MDQE: Mining Discriminative Query Embeddings to Segment Occluded
Instances on Challenging Videos
- URL: http://arxiv.org/abs/2303.14395v1
- Date: Sat, 25 Mar 2023 08:13:36 GMT
- Title: MDQE: Mining Discriminative Query Embeddings to Segment Occluded
Instances on Challenging Videos
- Authors: Minghan Li and Shuai Li and Wangmeng Xiang and Lei Zhang
- Abstract summary: We propose to mine discriminative query embeddings (MDQE) to segment occluded instances on challenging videos.
The proposed MDQE is the first VIS method with per-clip input that achieves state-of-the-art results on challenging videos and competitive performance on simple videos.

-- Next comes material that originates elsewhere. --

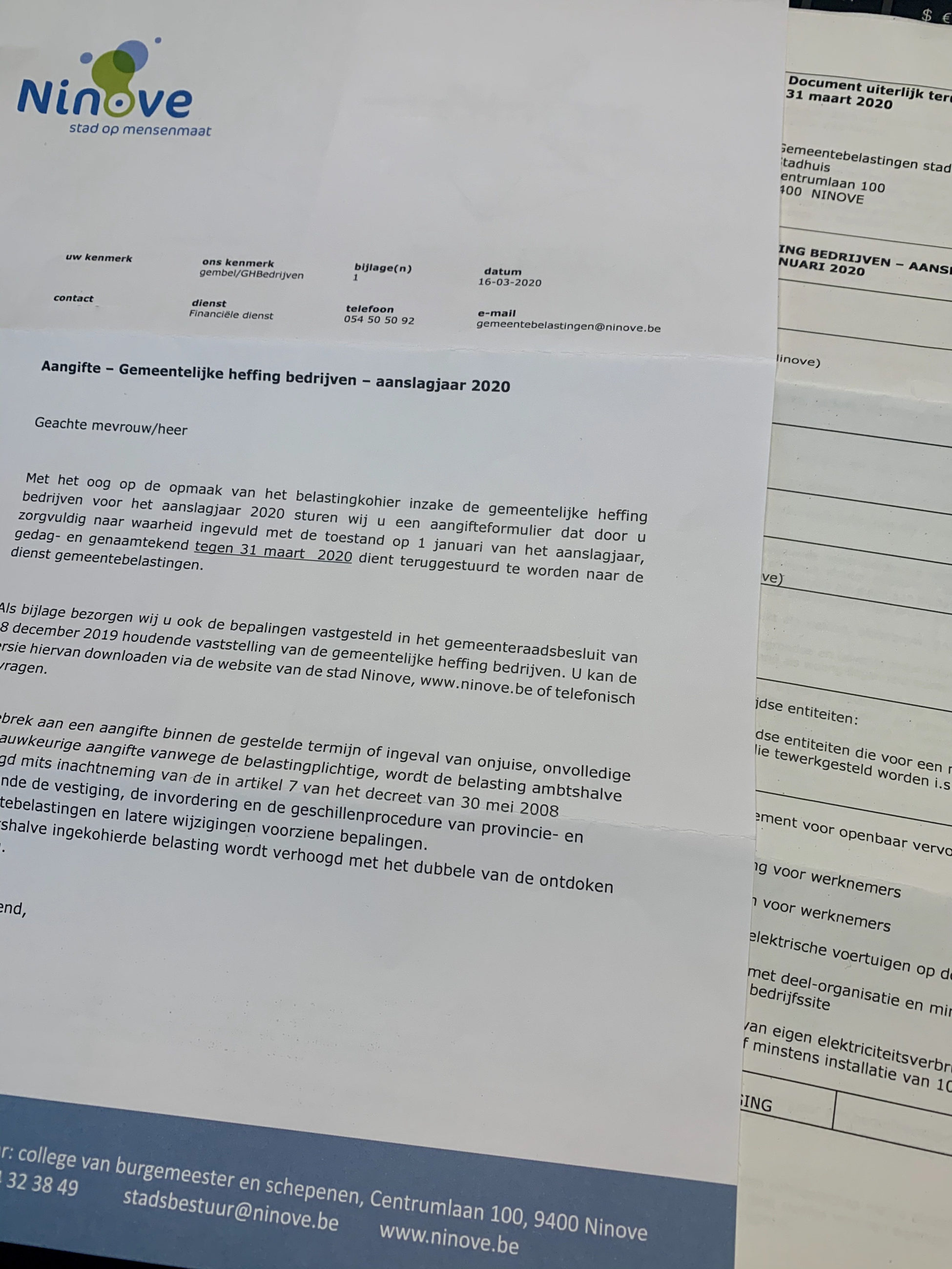 NINOVE – De Ninoofse bedrijven en handelaars ontvingen deze week een aangifteformulier voor de belastingen met een begeleidende brief. De oorspronkelijke uiterste indiendatum van 31 maart vervalt echter omdat het stadsbestuur werkt aan fiscale maatregelen voor bedrijven en handelaars.

- Score: 18.041697331616948
- License: http://creativecommons.org/licenses/by-nc-nd/4.0/
- Abstract: While impressive progress has been achieved, video instance segmentation
(VIS) methods with per-clip input often fail on challenging videos with
occluded objects and crowded scenes. This is mainly because instance queries in
these methods cannot encode well the discriminative embeddings of instances,
making the query-based segmenter difficult to distinguish those `hard'
instances. To address these issues, we propose to mine discriminative query
embeddings (MDQE) to segment occluded instances on challenging videos. First,
we initialize the positional embeddings and content features of object queries
by considering their spatial contextual information and the inter-frame object
motion. Second, we propose an inter-instance mask repulsion loss to distance
each instance from its nearby non-target instances. The proposed MDQE is the
first VIS method with per-clip input that achieves state-of-the-art results on
challenging videos and competitive performance on simple videos. In specific,
MDQE with ResNet50 achieves 33.0\% and 44.5\% mask AP on OVIS and YouTube-VIS
2021, respectively. Code of MDQE can be found at
\url{https://github.com/MinghanLi/MDQE_CVPR2023}.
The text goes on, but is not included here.